* [Exercise instructions]: Using the entries below, copy exactly each line from the line with "Balení nylon.rozeznávacích obojků" up to and including the line with "Технические характеристики товара", with every picture left out.

* [Dataset excerpts]:
^^^^
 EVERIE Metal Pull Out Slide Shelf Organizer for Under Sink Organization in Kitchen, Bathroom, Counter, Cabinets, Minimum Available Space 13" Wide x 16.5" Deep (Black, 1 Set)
^^^^
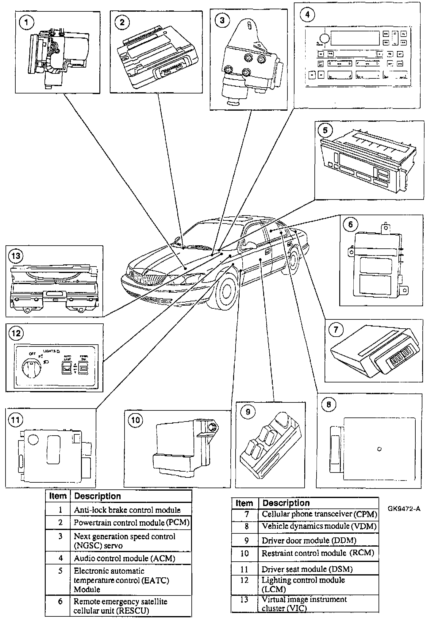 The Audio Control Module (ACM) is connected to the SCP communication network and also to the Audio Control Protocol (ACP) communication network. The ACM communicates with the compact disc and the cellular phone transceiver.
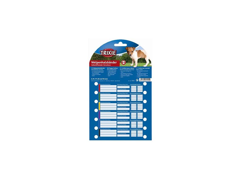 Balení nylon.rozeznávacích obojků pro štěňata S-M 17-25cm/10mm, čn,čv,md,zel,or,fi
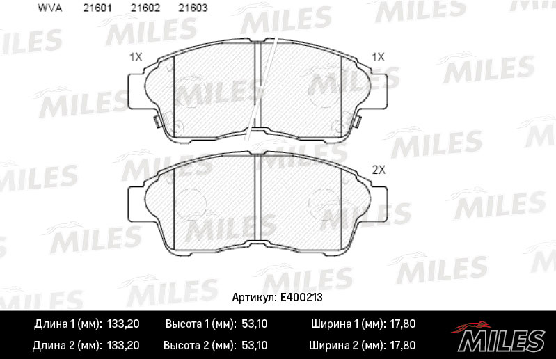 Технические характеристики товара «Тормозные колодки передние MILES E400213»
^^^^
* [Answer to the exercise]:
 Balení nylon.rozeznávacích obojků pro štěňata S-M 17-25cm/10mm, čn,čv,md,zel,or,fi
 Технические характеристики товара «Тормозные колодки передние MILES E400213»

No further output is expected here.